# 量化、卸载——显存优化的技术
Flux.1 的发布让文生图开源社区再次活跃起来,但是其12B的参数量限制了显存低于24GB设备的运行。Diffsynth对Flux支持了量化(quantization)和卸载(offload)这两种优化显存的技术,降低了使用Flux的硬件设备门槛,本篇文章将介绍它们的原理和使用方式。
## 量化
模型量化指的是一种将高精度数据类型映射成低精度数据类型的技术,从而以损失少量精度为代价降低计算的时间和空间消耗。
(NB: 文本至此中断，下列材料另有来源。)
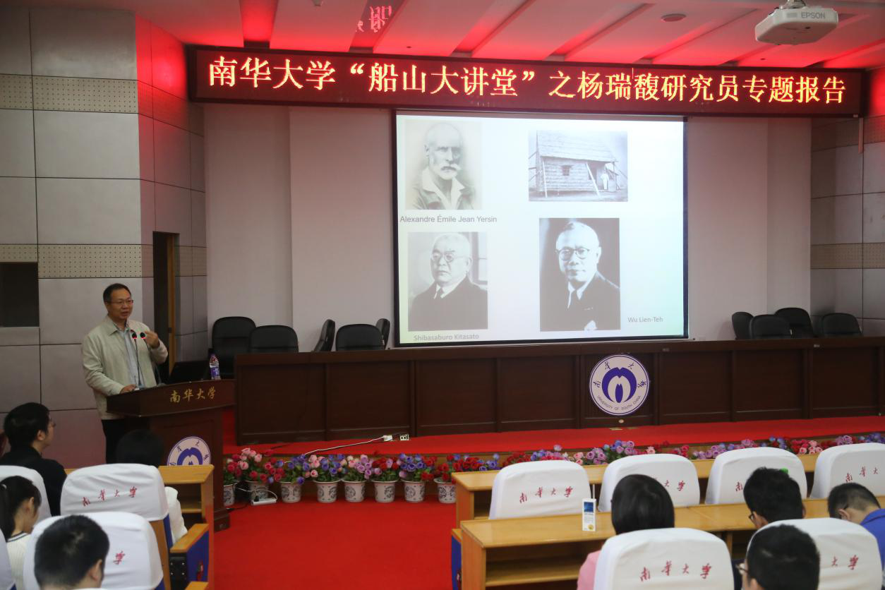 10月25日上午,应南华大学邀请,我国知名微生物学专家、军事医学科学院微生物流行病研究所病原微生物国家重点实验室主任、973项目首席科学家杨瑞馥研究员在图书馆学术报告厅做客“船山大讲堂”,做了题为“病原菌遗传与溯源”的讲座。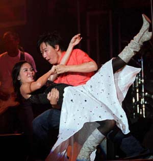 李心潔當晚和好友阿牛的“親密”演出掀起全場高潮,為了阿牛,李心潔又是伴舞又是陪唱,更破例在臺上演唱廣東歌《失戀好煩》,雖然只是和音,但她和阿牛的“阿哥哥”舞就叫大家忍不住HIGH起來,最后心潔更把右腳踩在阿牛的左大腿上,讓阿牛驚呼∶“李心潔,終于踩對地方了!大家知不知道她彩排時常踩錯地方!”臺下一陣爆笑!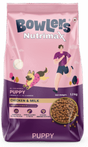 Puppies require high-calorie and protein-rich diets to support rapid growth and development. Choose puppy-specific formulations rich in DHA for brain development. Bowlers Nutrimax Puppy Formula includes natural ingredients to support their immunity and energy needs.

Flux.1 默认使用的数据类型为bfloat16,即每个参数占用16 bit(2 byte),我们使用torch支持的float8_e4m3fn加载模型,就能以更低的显存(节约10GB左右显存)消耗生成和原先几乎相同质量的图片。
```python
import torch
from diffsynth import download_models, ModelManager, FluxImagePipeline
download_models(["FLUX.1-dev"])
model_manager = ModelManager(
torch_dtype=torch.bfloat16,
)
model_manager.load_models([
"models/FLUX/FLUX.1-dev/text_encoder/model.safetensors",
"models/FLUX/FLUX.1-dev/text_encoder_2",
"models/FLUX/FLUX.1-dev/ae.safetensors",
])
model_manager.load_models(
["models/FLUX/FLUX.1-dev/flux1-dev.safetensors"],
torch_dtype=torch.float8_e4m3fn # Load the DiT model in FP8 format.
)
pipe = FluxImagePipeline.from_model_manager(model_manager, device="cuda")
pipe.dit.quantize()
prompt = "CG, masterpiece, best quality, solo, long hair, wavy hair, silver hair, blue eyes, blue dress, medium breasts, dress, underwater, air bubble, floating hair, refraction, portrait. The girl's flowing silver hair shimmers with every color of the rainbow and cascades down, merging with the floating flora around her."
negative_prompt = "worst quality, low quality, monochrome, zombie, interlocked fingers, Aissist, cleavage, nsfw,"
torch.manual_seed(9)
image = pipe(
prompt=prompt,
num_inference_steps=50, embedded_guidance=3.5
)
image.save("image_1024.jpg")
```
float8_e4m3fn
bfloat16
Diffsynth还支持ControlNet的量化,只需要在加载模型时指定数据类型为 ```torch.float8_e4m3fn```, 并且在生成图片前调用对应ControlNet模型的```quantize()```方法即可:
```python
model_manager.load_models(
["models/ControlNet/jasperai/Flux.1-dev-Controlnet-Upscaler/diffusion_pytorch_model.safetensors"],
torch_dtype=torch.float8_e4m3fn
)
pipe = FluxImagePipeline.from_model_manager(model_manager, controlnet_config_units=[
ControlNetConfigUnit(
processor_id="tile",
model_path="models/ControlNet/jasperai/Flux.1-dev-Controlnet-Upscaler/diffusion_pytorch_model.safetensors",
scale=0.7
),
],device="cuda")
for model in pipe.controlnet.models:
model.quantize()
```
除了推理阶段,Diffsynth也支持在Lora训练阶段使用模型量化,只需要在训练参数中额外添加`--quantize "float8_e4m3fn"`。
## 卸载
模型卸载技术的思想很简单,只在需要模型进行计算的时候才将模型加载到GPU显存上,使用完毕后将模型卸载至CPU内存中,牺牲模型加载和卸载的时间换取显存消耗。除了本体外,文生图模型的pipeline通常还包括VAE、Text Encoder等模型,在生成图片时会依次调用它们。使用卸载技术可以将显存需求降低至它们之中最大的模型。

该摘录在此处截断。